Lo scopo della fotoidentificazione, di cui i primi tentativi furono attuati da Caldwell negli anni ’50 (Wursig e Jefferson, 1990) e da Wursing negli anni ’70 (Wursig e Wursig, 1977), è individuare una sorta di impronta digitale mediante la fotografia nelle caratteristiche della pinna dorsale: la forma, la dimensione e soprattutto il profilo che risulta essere la parte più significativa in quanto, negli adulti, riporta segni di interazioni intra-specifiche. Segni che rappresentano marchi naturali indelebili che possono quindi essere univocamente associati ad un solo individuo. La foto identificazione è una valida alternativa alla tradizionale marcatura degli animali, in sintesi si fotografa da ambo i lati la pinna dorsale dei delfini per poi confrontare le foto scattate con quelle esistenti all’interno dell’archivio della popolazione interessata al cui interno sono presenti tutti i soggetti conosciuti con le rispettive fotografie della pinna dorsale applicando la capture-mark-recapture.
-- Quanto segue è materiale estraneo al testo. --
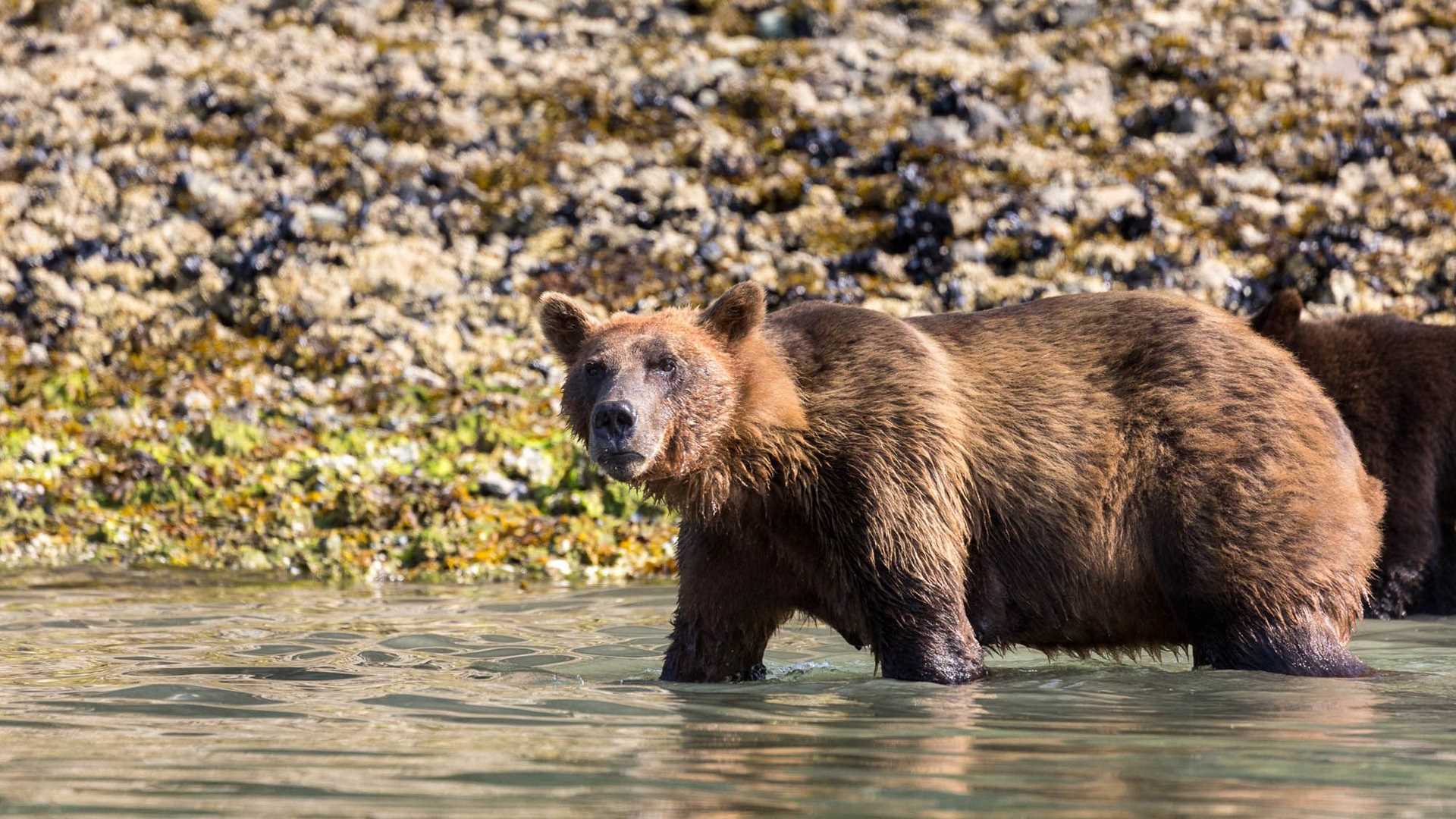 Zodiacs set off for two rounds of cruises among the myriad of small islands that make up this magnificent harbor. We quickly found brown bears in the water, poking among the rocks, and perusing the shoreline in search of food. The tide was out, the table was set, and bears were there to feast on the tidal bounty. We found many females and their cubs exploring the tidal zone while other bears were moving along the shoreline.

Questa tecnica prevede il “matching fotografico” cioè il confronto che permette di capire se durante un avvistamento gli individui fotografati sono già conosciuti registrando quindi delle “ricatture” o riportando “nuove catture” con nuovi codici se sono individui sconosciuti cioè nuovi all’interno dell’area o appartenenti alla popolazione ma non ancora fotografati, ciò dipenderà da futuri episodi o meno di ricattura. Tali dati permetteranno successivamente tramite i numeri di catture e ricatture di stimare il numero cioè l’abbondanza della popolazione tramite estimatori statistici.

Mediante foglio elettronico vengono archiviate le foto dei soggetti, tramite la descrizione dei

caratteri osservati è possibile attraverso un sistema di filtri automatici richiamare le foto desiderate

(fig. 44).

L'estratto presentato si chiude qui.